Effort to mark Confederate graves spans a century
Published 7:06 pm Wednesday, November 28, 2018
A century long-effort to mark the resting place of Beaufort County’s Confederate dead is approaching fruition. At Washington’s Oakdale cemetery, the Sons of Confederate Veterans Beaufort Plowboys Camp 2128 is in the process of erecting 30 new Veterans Administration grave markers in honor of men who fought in regiments from Beaufort County or who died in Beaufort County during the Civil War.
“Back then, most cities, towns and villages had their own militias,” Plowboys Camp Adjutant Ken Maness said. “So when the state, which to them was their government, called them up, they reported.”
A number of the men were Beaufort County boys, serving in regiments known as the “Washington Grays” and the “Beaufort Plowboys,” two names later adopted by local SCV chapters. Others still came from various parts of the state.
Some came from nearby places such as Craven and Washington counties. Others were dispatched from the Piedmont, soldiers from Wake, Chatham, Orange counties and others. Behind each stone and each name, is a unique story and reason for serving in the Confederate military.
For the men of the modern-day Beaufort Plowboys, the effort to mark these men’s final resting place is about honoring those who answered the call of duty to their state and their communities.

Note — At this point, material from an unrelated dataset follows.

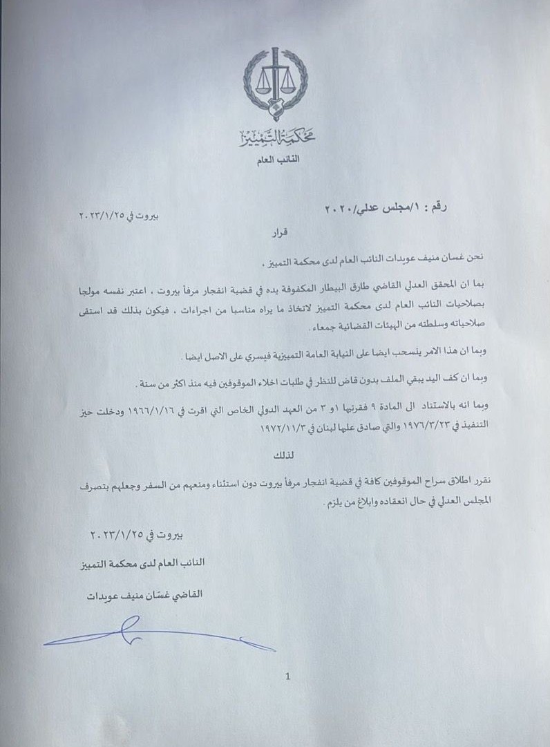 تفاصيل قرار مدعي عام التمييز القاضي غسان عويدات باخلاء سبيل جميع موقوفي ملف انفجار المرفأ.

“A lot of these names that are on these stones are Beaufort County names,” Maness said. “Those people still have relatives here. Now they’ve got a stone they can go to and say ‘That’s in memory of my great-great-granddaddy.’”
The effort to bring these men to a final resting place, all together, was initiated way back in 1883 by the Ladies Memorial Association of Beaufort County. According to documentation from the United Daughters of the Confederacy, the purpose of the group was “to gather the sacred dust of Confederate soldiers sleeping in the bosom of old Beaufort, and place them side by side, their last muster on earth, within the sacred precincts of the cemetery, o’er shadowed by a suitable monument, erected to their memory.”

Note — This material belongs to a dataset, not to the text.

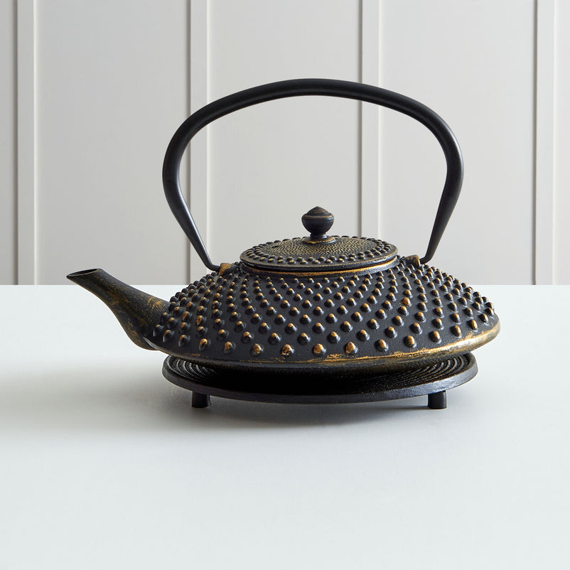 Ceainic cu trivet, fontă Kambin. Caracteristicile fontei: Fonta se caracterizează prin capacitatea sa de a stoca căldura sau frigul mai mult timp. Fonta este un material rezistent în timp. Durata medie de viață a unui ceainic din fontă este de aproximativ 5 ani. Instrucțiuni de folosire: Înainte de prima utilizare, trebuie să clătiți produsul de mai multe ori cu apă călduță și apoi se usucă bine. Fonta nu este potrivită pentru niciun tip de sursă de căldură, se recomandă infuzarea ceaiului în funcție de tipul de ceai. Lăsați produsul încălzit să se răcească înainte de clătirea manuală, evitați fluctuațiile de temperatură (a nu se turna apă rece peste produsul încins).

It was this group, the Daughters of the Confederacy, and the Children of the Confederacy, Washington Grays Chapter, that moved 17 of the bodies from a mass grave at the corner of Fifth and Market streets to Oakdale Cemetery in 1897. Many of the men share a date of death — Sept. 6, 1863, the date of the famous Siege of Washington. The Confederate monument, as it stands, was rededicated in 1898 after being moved from its original position at the intersection of Water and MacNair streets.
The effort to place new markers was continued by the Washington Grays chapter of the SCV more than a century later. After requesting the stones from the VA and having them delivered, the chapter disbanded and the stones remained in storage for more than a decade. In recent months, the Plowboys have revitalized the efforts and began placing stones at the cemetery.
“The Sons of Confederate Veterans was formed in Columbia Tennessee in 1893 when all the old veterans were dying off,” former Plowboys Adjutant Charlie Williams said. “Our charge was to remember them.”
According to the charter of the SCV, the organization is classified as a 501(c)(3) non-profit veteran’s advocacy group, which condemns all forms of racism and the use of the Confederate Battle flag for any such purpose.
A formal dedication of the memorial grounds will be held on May 10, 2019.